I’ve never understood why pretending to believe in supernatural beings and transubstantiation is judged more harshly than actually believing in those things.

seaweedandmarchingbands · 02/10/2019 17:24

JassyRadlett

It’s not name-calling. It is a description of how their words represent their attitude, to me, when I read those words. No intention to shut anyone down. Just my view of what was said.

LaurieMarlow · 02/10/2019 17:24

because I will just rack up deletion messages

And what does that tell you Hmm

LaurieMarlow · 02/10/2019 17:25

I’ve never understood why pretending to believe in supernatural beings and transubstantiation is judged more harshly than actually believing in those things

Grin
seaweedandmarchingbands · 02/10/2019 17:26

LaurieMarlow

That the moderator doesn’t think your words demonstrated bigotry?

seaweedandmarchingbands · 02/10/2019 17:26

But if you look at your last post, you might see why I do.

JassyRadlett · 02/10/2019 17:29

What protects their opinions from being taken as offensive?

It’s quite interesting that you perceive the personal opinions of others as All About You.

I’ve also found it interesting that any time you’ve been presented with facts or logic on this thread you have generally retreated to either insult, denigration or misrepresentation.

I have engaged because I found your stance on the OP’s idea to be either fundamentally hypocritical or fundamentally ignorant and I wanted to discover which.!

Your demand that people not only respect your right to religious belief but that they respect the beliefs themselves and that they should not be open to question in their integration with state-funded services is going to make any conversations on this issue very difficult for you, I fear.

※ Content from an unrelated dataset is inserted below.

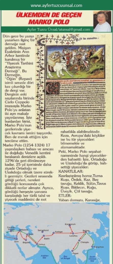 Dün gece bu yazıyı yazarken ilginç bir derneğe rast geldim. Mişigan Eyaletinin Ann Arbor kentinde kurulmuş bir “Yiyecek Tarihini Araştırma Derneği”. Bu Derneğin, “Öğün” (Repast) isimli senede dört kez çıkardığı bir de dergi var. Derginin eski sayılarında birinde Carlo Coppolo imzasıyla Marko Polo’yu anlatan iki ayrı makale yayınlanmış. İşte bunlardan birisi, Marko Polo’nun gezilerinde yiyecek kavramı ismini taşıyordu. Ben de merak ettiğim için tercüme ettim.

LaurieMarlow · 02/10/2019 17:29

But if you look at your last post, you might see why I do.

Are you going to call the poster that I was responding to a bigot too?

Or is the nasty name calling just for me?

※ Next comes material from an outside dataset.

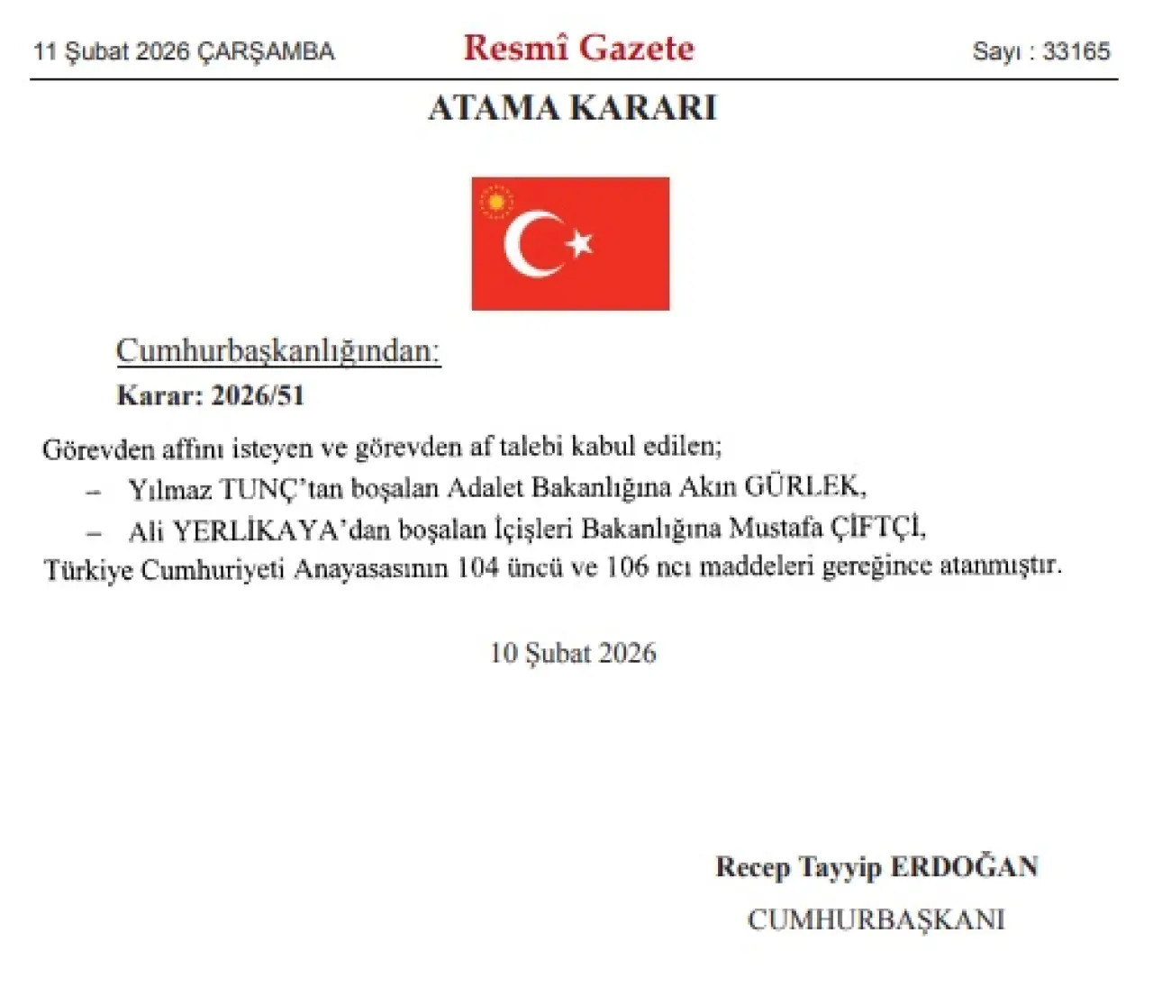 Resmi Gazete’de 11 Şubat 2026 tarihinde yayımlanan atama kararlarıyla Cumhurbaşkanlığı Kabinesi’nde beklenen revizyon gerçekleşti. İçişleri Bakanı Ali Yerlikaya ve Adalet Bakanı Yılmaz Tunç’un “görevden af taleplerinin” kabul edilmesiyle boşalan koltuklara sürpriz isimler atandı.

Cutesbabasmummy · 02/10/2019 17:30

You are too late. Most faith schools require you to have been a regular member of the congregation for 2 years before school admission.

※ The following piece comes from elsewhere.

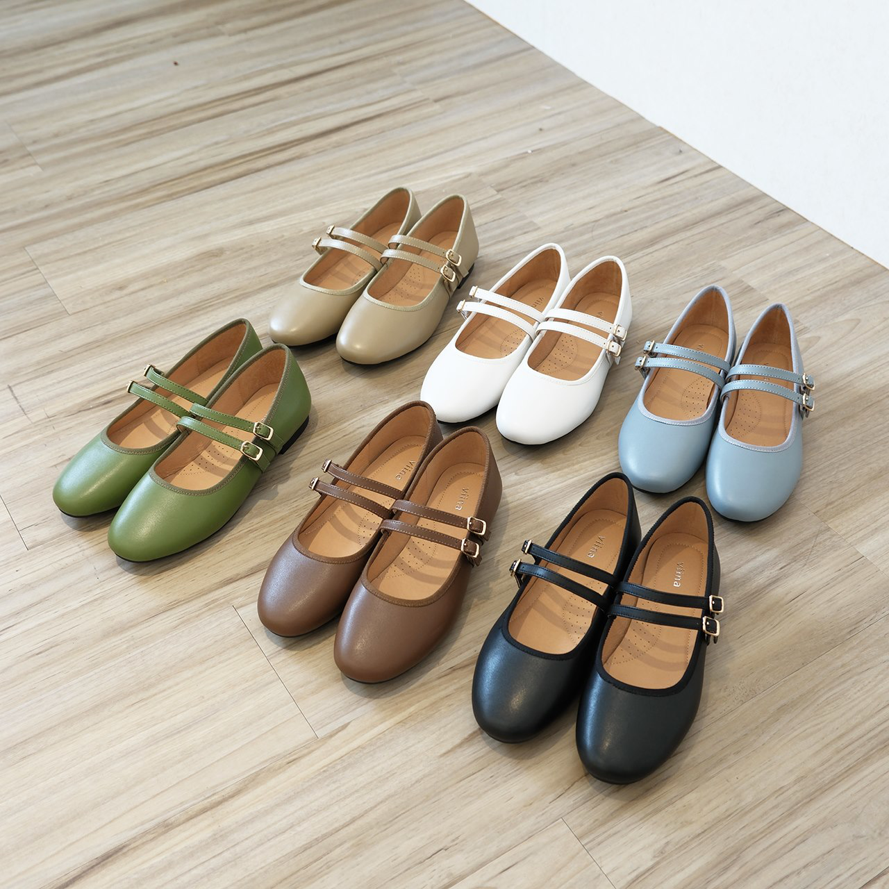 viina 雙細帶全真皮平底瑪莉珍鞋-綠

JassyRadlett · 02/10/2019 17:32

It’s not name-calling. It is a description of how their words represent their attitude, to me, when I read those words. No intention to shut anyone down. Just my view of what was said.

It is the definition of name-calling. If I want to describe someone’s behaviour or attitudes, I describe their behaviour and attitudes. I do not call them an insulting name.

And if I slip and I do, because I’m human, I have the decency to own up to it.

deepflatflyer · 02/10/2019 17:33

@Cutesbabasmummy - with respect, have you read the last 20 pages of this thread? We've moved on from the simple practicalities ...

BertrandRussell · 02/10/2019 17:33

I’d quite like to join in but i’m not sure what’s going on. But I’m on whichever side is saying that there is no place in state funded education for religion, it is ludicrously unfair that people of faith have a choice 30% more schools than people without faith, that successful faith schools are only successful because of backdoor selection, and there is no such thing as a secular school
In the U.K. Does that cover it? Oh, and LawrieMarlow is not a bigot.

LaurieMarlow · 02/10/2019 17:34
Wink
JassyRadlett · 02/10/2019 17:35

Anyway. It’s all gone a bit Jacob Rees-Mogg and the Supreme Court here.

Anyone up for a reasoned discussion on why social and religious segregation of children may or may not be desirable for social cohesion, or whether it’s overall better for state schools to reflect their communities? Or even what the ECHR actually says?

deepflatflyer · 02/10/2019 17:37

Also @seaweedandmarchingbands
said several pages ago she was leaving because we're all so horrible and yet she's stayed in order to be further outraged. Seems a bit masochistic to me.

JassyRadlett · 02/10/2019 17:38

One of the things I like about and people like Lawrie who are part of it is that I’m pretty sure that in about half the threads where I encounter Lawrie we disagree, often quite fundamentally, but the debate remains reasoned and respectful (if sometimes heated) and it’s not carried into other threads. No halos, no horns, just discussion.

And her username is excellent (though I’m Team Nick).